Досю поклонился, Боб ответил на поклон и ушел. Он направился на кухню, где его ждала на удивление сытная трапеза, и Боб с жадностью расправился с ней. Затем пожилая женщина, то ли мать Досю, то ли его сестра, то ли служанка — никто не представлял их друг другу, — отвела Боба в комнату, где он еще ни разу не бывал. Там он обнаружил современный душ. Женщина ушла, он разделся и насладился роскошью обжигающе горячей воды, ощущая, как она ласкает его болящие мышцы и ноющие, распухшие суставы. Затем, закутавшись в полотенце, Боб отыскал рядом с кухней свою койку. Кто-то застелил ее свежей льняной простыней, и Боб устроился спать с неслыханными удобствами.
Он спал до тех пор, пока не проснулся сам, увидев свет.
«Я готов, — подумал он. — Я одержу победу».
Обнаружив рядом с койкой комплект свежей одежды, Боб надел армейские трусы, натянул штаны хакама, которые он уже умел завязывать — все эти маленькие узелочки и ленточки — аккуратно и красиво.

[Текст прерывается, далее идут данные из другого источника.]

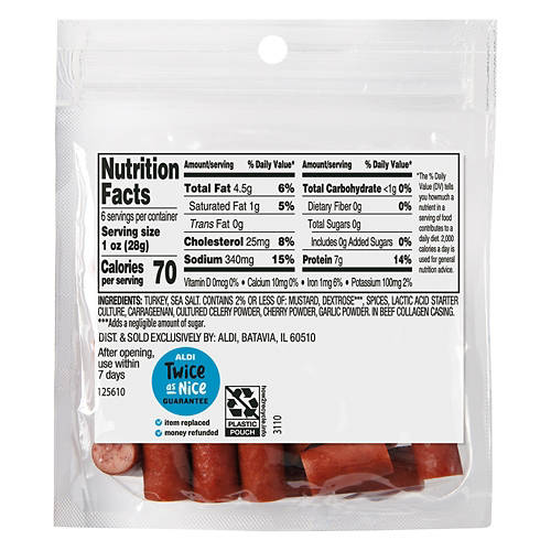 Specially Selected Turkey Sausage Zero Sugar Snack Bites offer a tasty and nutritious option with 7g of protein per serving. Made with 100% natural turkey, these bites are free from added sugars and artificial ingredients. They are perfect for a quick protein boost during busy days. Enjoy them straight from the pack or add them to your favorite salad for extra flavor. Keep them on hand for a tasty, nutritious option that fits easily into your lifestyle.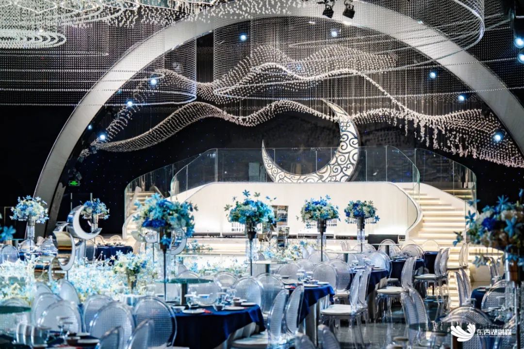海洋厅:深蓝主题打造沉浸式海洋体验,让婚礼如同徜徉于碧波之中。

Полностью облачившись, Боб минут двадцать разминался, разогревая мышцы. Наконец, взбодрившийся, он прошел в зал.
Там его уже ждали Досю и соперник.
— Ты должен победить, — сказал Досю. — Никакой пощада, никакой колебание, никакой сомнение. Отдаваться весь. Становиться пустота.
— Я… — начал Боб и осекся, увидев своего противника.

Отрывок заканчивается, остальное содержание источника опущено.